Beginning with the line that has "Here are available" and ending with the line that has "日本製 本革 サンダル", retype the entries below exactly, except for the pictures.

▶ [Records drawn from a dataset]:
┄┄┄┄┄┄┄┄┄┄┄┄┄┄┄┄┄┄┄┄
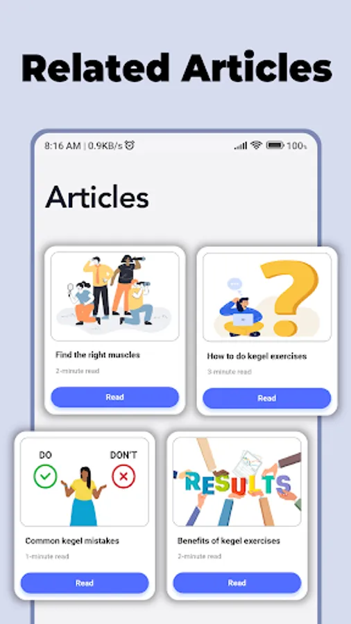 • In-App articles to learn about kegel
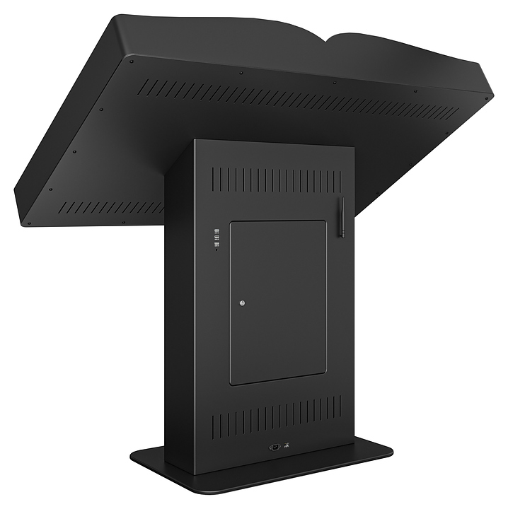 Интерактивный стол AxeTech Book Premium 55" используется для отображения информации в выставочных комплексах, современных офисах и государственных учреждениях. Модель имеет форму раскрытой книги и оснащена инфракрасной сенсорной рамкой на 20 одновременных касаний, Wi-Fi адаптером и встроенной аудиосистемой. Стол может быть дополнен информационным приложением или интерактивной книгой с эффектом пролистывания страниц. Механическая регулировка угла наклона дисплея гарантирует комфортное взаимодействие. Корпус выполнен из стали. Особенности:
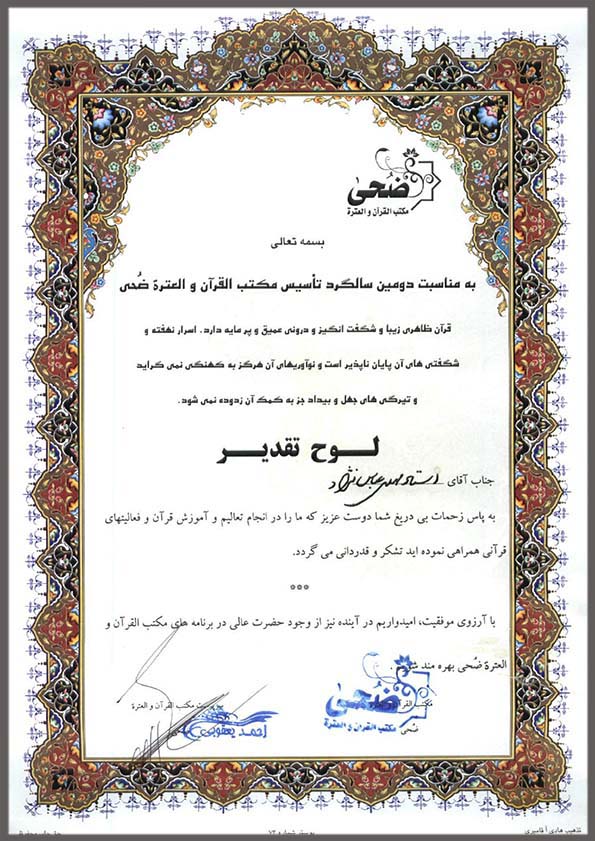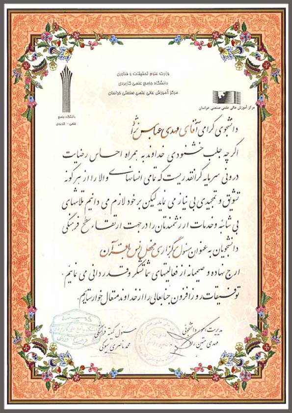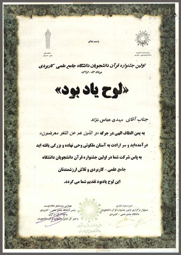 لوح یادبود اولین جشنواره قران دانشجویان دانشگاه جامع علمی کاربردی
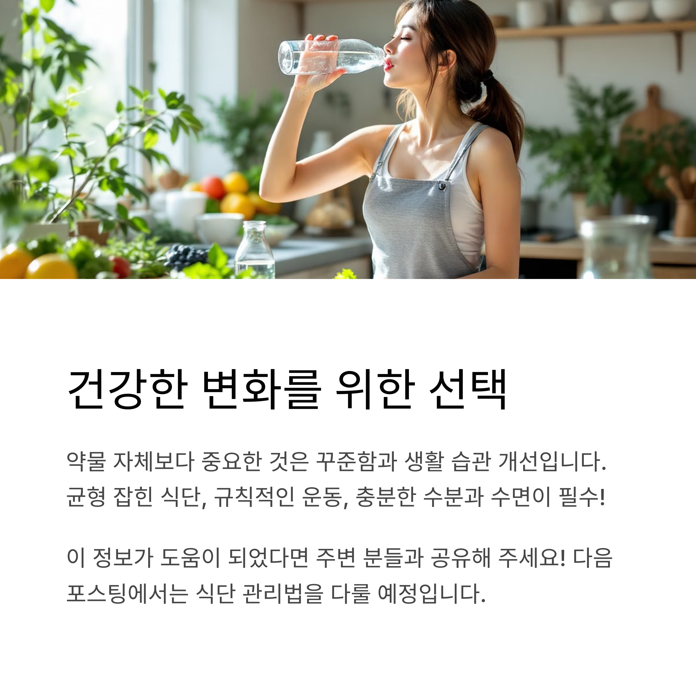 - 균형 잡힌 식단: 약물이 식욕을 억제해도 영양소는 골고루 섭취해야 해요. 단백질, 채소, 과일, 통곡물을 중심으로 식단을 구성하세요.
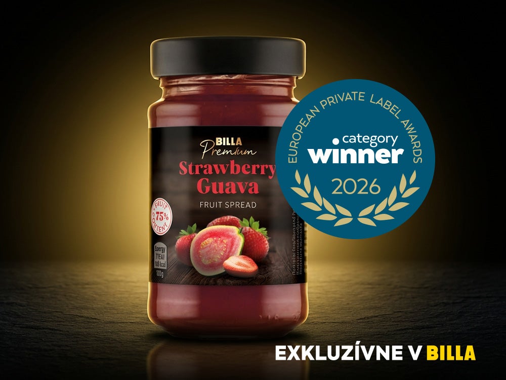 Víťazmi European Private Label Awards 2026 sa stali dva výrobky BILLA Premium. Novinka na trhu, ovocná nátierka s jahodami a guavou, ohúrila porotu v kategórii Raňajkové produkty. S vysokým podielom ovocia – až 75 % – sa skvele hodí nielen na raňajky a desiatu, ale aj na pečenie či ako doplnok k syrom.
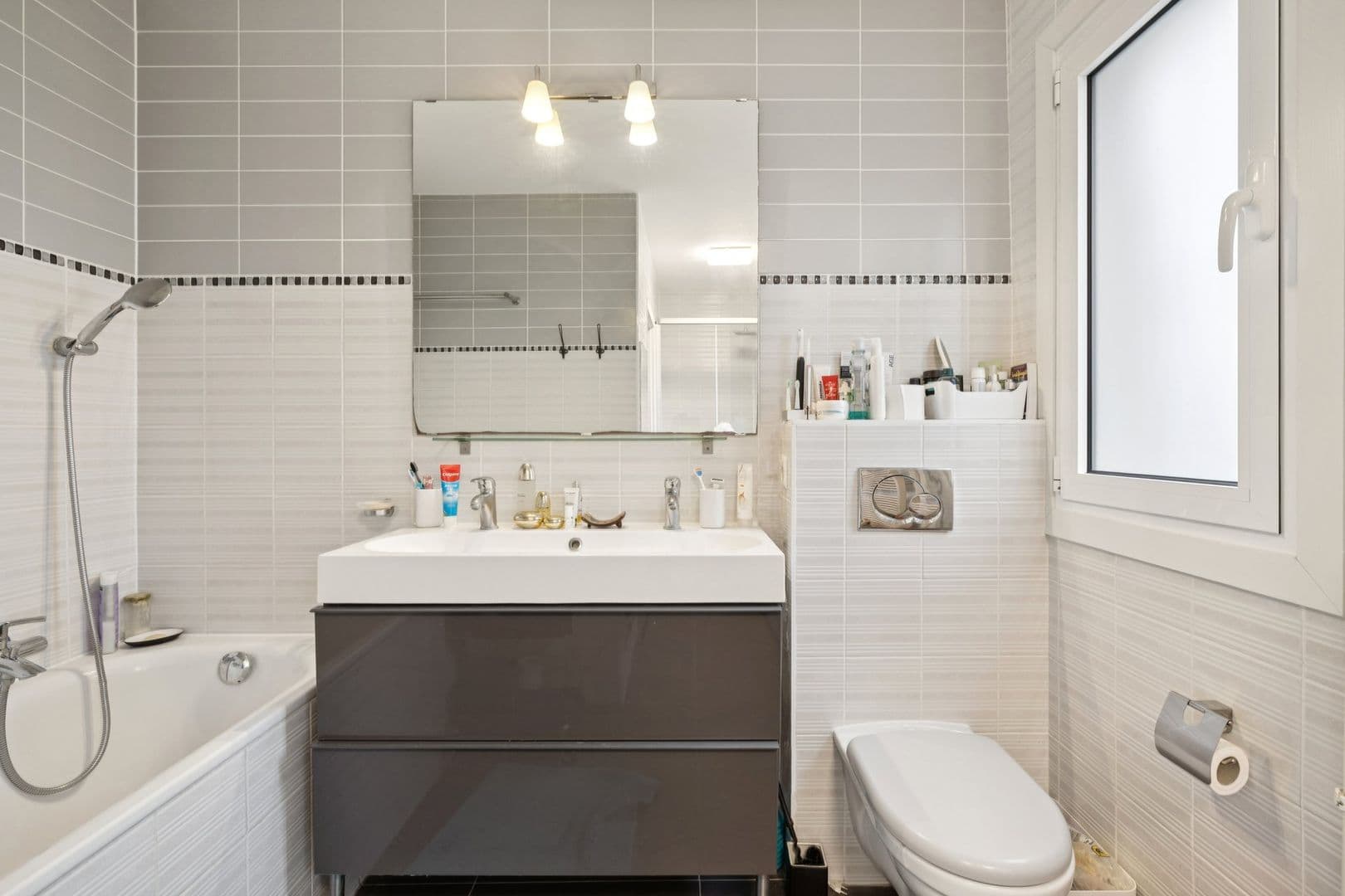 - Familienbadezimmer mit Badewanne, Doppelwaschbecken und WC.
┄┄┄┄┄┄┄┄┄┄┄┄┄┄┄┄┄┄┄┄
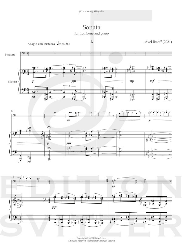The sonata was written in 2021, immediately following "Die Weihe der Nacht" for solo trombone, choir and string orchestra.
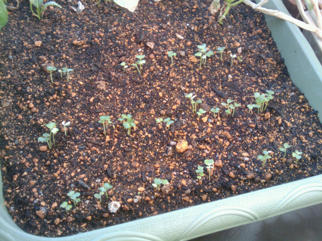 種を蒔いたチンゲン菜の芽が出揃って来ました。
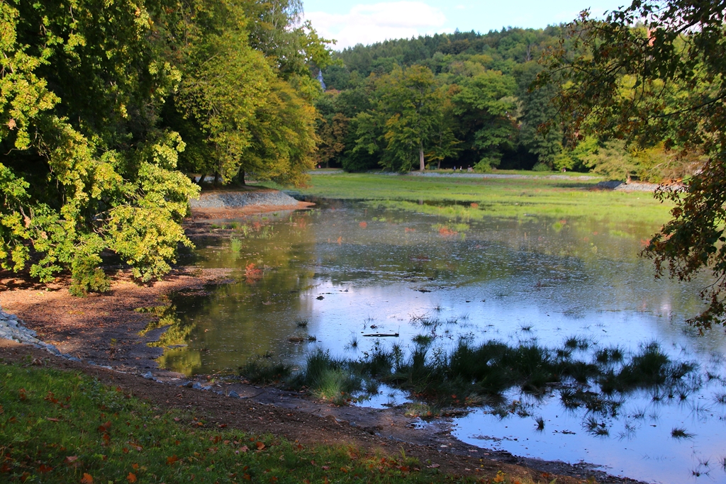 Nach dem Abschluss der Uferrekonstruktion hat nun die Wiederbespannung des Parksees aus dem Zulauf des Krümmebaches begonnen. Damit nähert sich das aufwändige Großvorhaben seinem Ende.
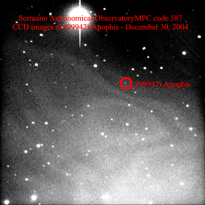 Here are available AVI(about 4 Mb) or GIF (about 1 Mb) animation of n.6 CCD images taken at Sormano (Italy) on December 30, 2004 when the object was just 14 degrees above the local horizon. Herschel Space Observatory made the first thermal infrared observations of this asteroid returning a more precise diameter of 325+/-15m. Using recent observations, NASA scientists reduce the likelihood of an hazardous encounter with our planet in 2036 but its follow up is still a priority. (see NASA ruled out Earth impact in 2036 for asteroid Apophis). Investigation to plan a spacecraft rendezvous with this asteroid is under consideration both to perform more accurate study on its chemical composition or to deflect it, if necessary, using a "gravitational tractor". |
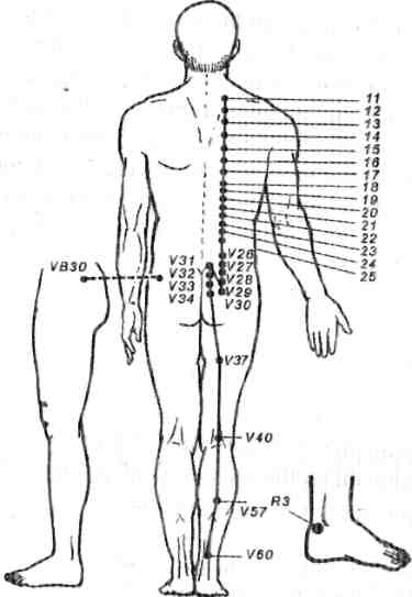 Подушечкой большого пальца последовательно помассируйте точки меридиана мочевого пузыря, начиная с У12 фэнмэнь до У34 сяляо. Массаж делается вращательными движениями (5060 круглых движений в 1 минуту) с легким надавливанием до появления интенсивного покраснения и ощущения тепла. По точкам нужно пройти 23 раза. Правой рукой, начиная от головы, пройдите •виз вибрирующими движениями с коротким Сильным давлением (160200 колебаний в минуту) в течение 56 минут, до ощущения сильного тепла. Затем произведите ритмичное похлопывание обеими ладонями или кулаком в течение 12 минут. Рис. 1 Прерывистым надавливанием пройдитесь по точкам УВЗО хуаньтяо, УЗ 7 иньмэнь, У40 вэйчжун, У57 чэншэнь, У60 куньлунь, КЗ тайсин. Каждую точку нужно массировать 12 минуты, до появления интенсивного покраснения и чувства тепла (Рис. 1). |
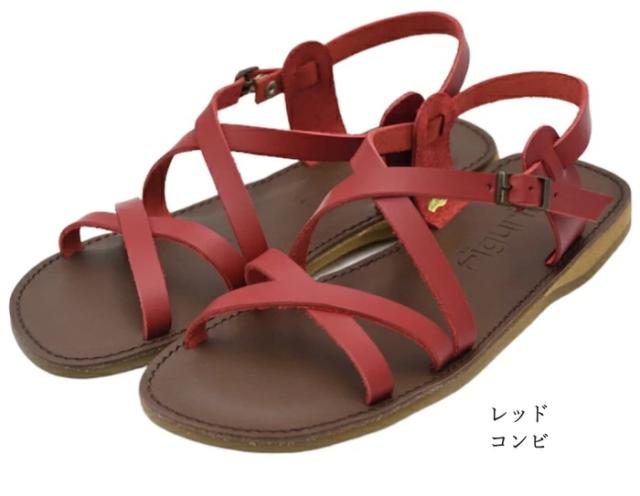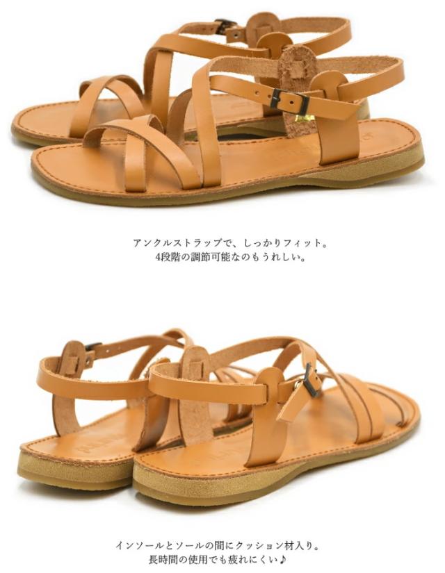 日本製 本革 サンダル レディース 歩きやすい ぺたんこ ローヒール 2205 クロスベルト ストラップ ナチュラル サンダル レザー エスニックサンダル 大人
┄┄┄┄┄┄┄┄┄┄┄┄┄┄┄┄┄┄┄┄
▶ [Solution]:
 Here are available AVI(about 4 Mb) or GIF (about 1 Mb) animation of n.6 CCD images taken at Sormano (Italy) on December 30, 2004 when the object was just 14 degrees above the local horizon. Herschel Space Observatory made the first thermal infrared observations of this asteroid returning a more precise diameter of 325+/-15m. Using recent observations, NASA scientists reduce the likelihood of an hazardous encounter with our planet in 2036 but its follow up is still a priority. (see NASA ruled out Earth impact in 2036 for asteroid Apophis). Investigation to plan a spacecraft rendezvous with this asteroid is under consideration both to perform more accurate study on its chemical composition or to deflect it, if necessary, using a "gravitational tractor". |
 Подушечкой большого пальца последовательно помассируйте точки меридиана мочевого пузыря, начиная с У12 фэнмэнь до У34 сяляо. Массаж делается вращательными движениями (5060 круглых движений в 1 минуту) с легким надавливанием до появления интенсивного покраснения и ощущения тепла. По точкам нужно пройти 23 раза. Правой рукой, начиная от головы, пройдите •виз вибрирующими движениями с коротким Сильным давлением (160200 колебаний в минуту) в течение 56 минут, до ощущения сильного тепла. Затем произведите ритмичное похлопывание обеими ладонями или кулаком в течение 12 минут. Рис. 1 Прерывистым надавливанием пройдитесь по точкам УВЗО хуаньтяо, УЗ 7 иньмэнь, У40 вэйчжун, У57 чэншэнь, У60 куньлунь, КЗ тайсин. Каждую точку нужно массировать 12 минуты, до появления интенсивного покраснения и чувства тепла (Рис. 1). |
 日本製 本革 サンダル レディース 歩きやすい ぺたんこ ローヒール 2205 クロスベルト ストラップ ナチュラル サンダル レザー エスニックサンダル 大人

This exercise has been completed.